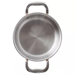 CASSEROLE WITH 2 HANDLES, 28 CM, S15600 COPPER 3PLY 15609-28 - PADERNO The products from the Paderno 15600 series are made with a three-layer system: an inner layer of satin-finished stainless steel sheet, an intermediate layer of aluminum, and an outer layer of polished copper. This design ensures even heat distribution during cooking. The pans have a thickness of 2 mm, and the handle is made of stainless steel with stainless steel rivets. They are suitable for use on all types of stoves except induction and can also be used in the oven. However, they are not suitable for dishwasher use. Brand: Paderno Collection: 15600 Series Material: Copper, Aluminum, Stainless Steel Number of pieces in the set: 1 Article number: 15609-28 Year of introduction: 2023 Oven-safe: True
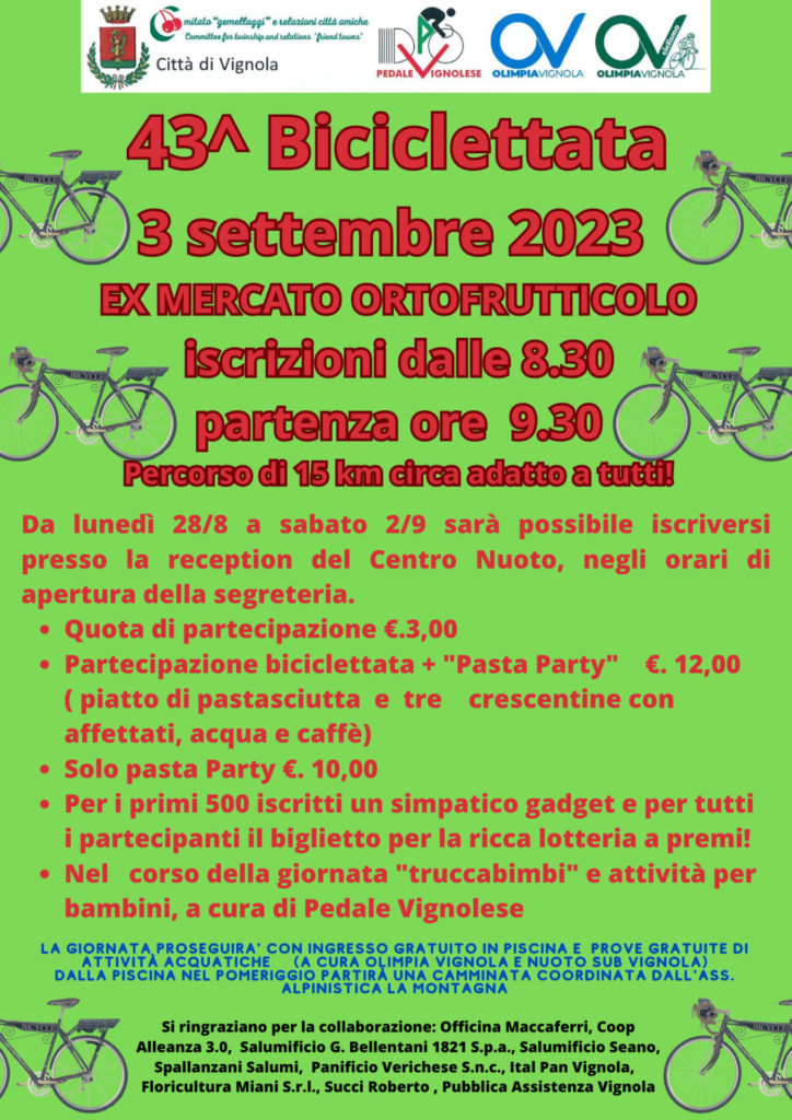 La 43^ edizione della tradizionale biciclettata avrà luogo domenica 3 settembre, con partenza e arrivo al Vecchio Mercato Ortofrutticolo. Il percorso, che si snoderà tra le strade del nostro Comune, attraversando le “Basse”, per giungere [...]
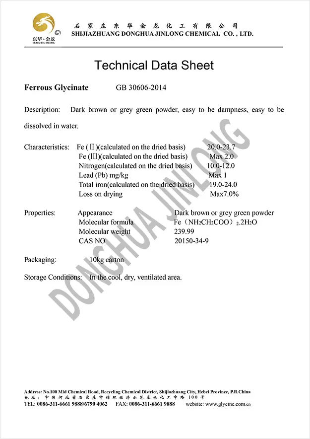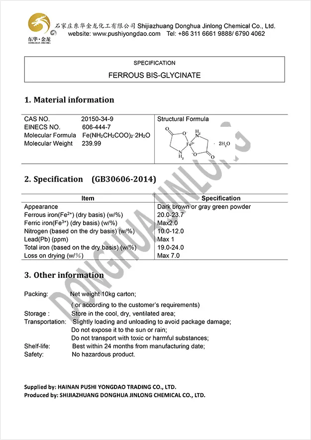 新型营养性补铁剂,是由亚铁与甘氨酸形成的具有环状结构的螯合物。有很高的生物利用度而且稳定性好。甘氨酸亚铁不以游离的Fe2+存在,不会引起胃肠道刺激。甘氨酸亚铁适口性好,没有铁腥味,添加到食品中不影响产品质量。甘氨酸亚铁在消化道中大大降低了元素间(如Ca、Mg、Cu、Fe、Zn、Mn等二价离子)的拮抗作用。
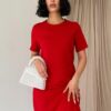 Kırmızı Kısa Kol Atlas Mini Elbise
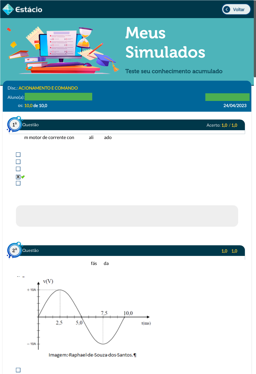 24/04/2023, 16:20 Estácio: Alunos https://simulado.estacio.br/alunos/ 1/1 Meus Simulados Teste seu conhecimento acumulado Disc.: ACIONAMENTO E COMANDO Aluno(a): DANILO DEIVISON SANTOS SILVA 202002304741 Acertos: 10,0 de 10,0 24/04/2023 Acerto: 1,0 / 1,0 Se um motor de corrente contínua é alimentado por uma fonte contínua de tensão de 12VCC e possui uma resistência equivalente de 12Ω, é possível a�rmar que a potência consumida, em watts, por esse motor será de: 36. 144. 24. 12. 1. Respondido em 24/04/2023 14:01:23 Explicação: A resposta certa é:12. Acerto: 1,0 / 1,0 Considerando o sinal alternado monofásico da �gura a seguir, determine o valor da tensão, em volts, no instante 7,5 ms. Considere a expressão do sinal V=30.senωt (V) e π=3,14 . +5. Questão1 a Questão2 a https://simulado.estacio.br/alunos/inicio.asp javascript:voltar();
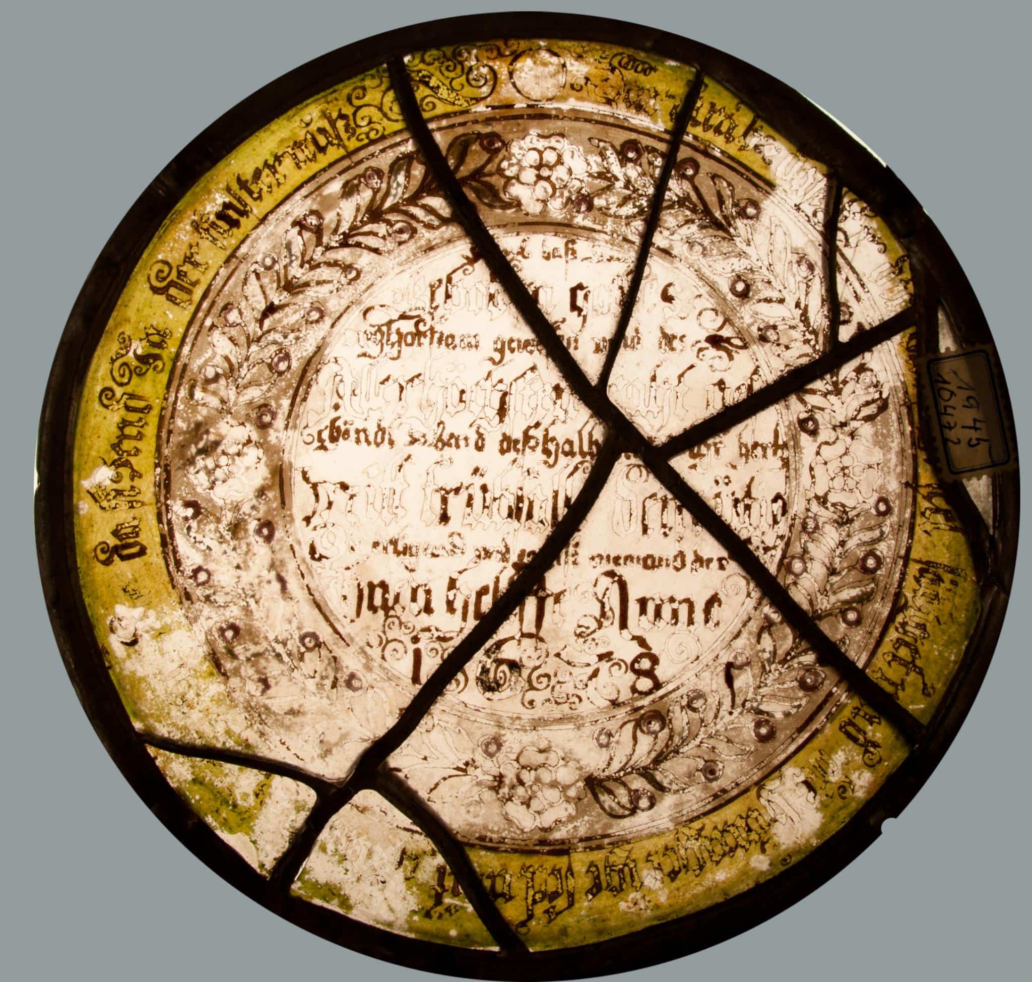 Auf der Scheibe festgehalten ist der folgende, nur noch teilweise lesbare Spruch aus dem Psalm 107, 9–12: "Dass er sättigt die durstige Seele / und die Hungrigen füllt mit Gutem / die da sitzen mussten in der Finsternis und Dunkel / gefangen in Zwang und Eisen / weil sie Gottes Geboten ungehorsam waren / und den Ratschluss des Höchsten verachtet hatten, / so dass er ihr Herz durch Unglück beugte."

▸ Task prompt
Without including any pictures, copy every line above exactly.

▸ Finished task
 CASSEROLE WITH 2 HANDLES, 28 CM, S15600 COPPER 3PLY 15609-28 - PADERNO The products from the Paderno 15600 series are made with a three-layer system: an inner layer of satin-finished stainless steel sheet, an intermediate layer of aluminum, and an outer layer of polished copper. This design ensures even heat distribution during cooking. The pans have a thickness of 2 mm, and the handle is made of stainless steel with stainless steel rivets. They are suitable for use on all types of stoves except induction and can also be used in the oven. However, they are not suitable for dishwasher use. Brand: Paderno Collection: 15600 Series Material: Copper, Aluminum, Stainless Steel Number of pieces in the set: 1 Article number: 15609-28 Year of introduction: 2023 Oven-safe: True
 La 43^ edizione della tradizionale biciclettata avrà luogo domenica 3 settembre, con partenza e arrivo al Vecchio Mercato Ortofrutticolo. Il percorso, che si snoderà tra le strade del nostro Comune, attraversando le “Basse”, per giungere [...]
 新型营养性补铁剂,是由亚铁与甘氨酸形成的具有环状结构的螯合物。有很高的生物利用度而且稳定性好。甘氨酸亚铁不以游离的Fe2+存在,不会引起胃肠道刺激。甘氨酸亚铁适口性好,没有铁腥味,添加到食品中不影响产品质量。甘氨酸亚铁在消化道中大大降低了元素间(如Ca、Mg、Cu、Fe、Zn、Mn等二价离子)的拮抗作用。
 Kırmızı Kısa Kol Atlas Mini Elbise
 24/04/2023, 16:20 Estácio: Alunos https://simulado.estacio.br/alunos/ 1/1 Meus Simulados Teste seu conhecimento acumulado Disc.: ACIONAMENTO E COMANDO Aluno(a): DANILO DEIVISON SANTOS SILVA 202002304741 Acertos: 10,0 de 10,0 24/04/2023 Acerto: 1,0 / 1,0 Se um motor de corrente contínua é alimentado por uma fonte contínua de tensão de 12VCC e possui uma resistência equivalente de 12Ω, é possível a�rmar que a potência consumida, em watts, por esse motor será de: 36. 144. 24. 12. 1. Respondido em 24/04/2023 14:01:23 Explicação: A resposta certa é:12. Acerto: 1,0 / 1,0 Considerando o sinal alternado monofásico da �gura a seguir, determine o valor da tensão, em volts, no instante 7,5 ms. Considere a expressão do sinal V=30.senωt (V) e π=3,14 . +5. Questão1 a Questão2 a https://simulado.estacio.br/alunos/inicio.asp javascript:voltar();
 Auf der Scheibe festgehalten ist der folgende, nur noch teilweise lesbare Spruch aus dem Psalm 107, 9–12: "Dass er sättigt die durstige Seele / und die Hungrigen füllt mit Gutem / die da sitzen mussten in der Finsternis und Dunkel / gefangen in Zwang und Eisen / weil sie Gottes Geboten ungehorsam waren / und den Ratschluss des Höchsten verachtet hatten, / so dass er ihr Herz durch Unglück beugte."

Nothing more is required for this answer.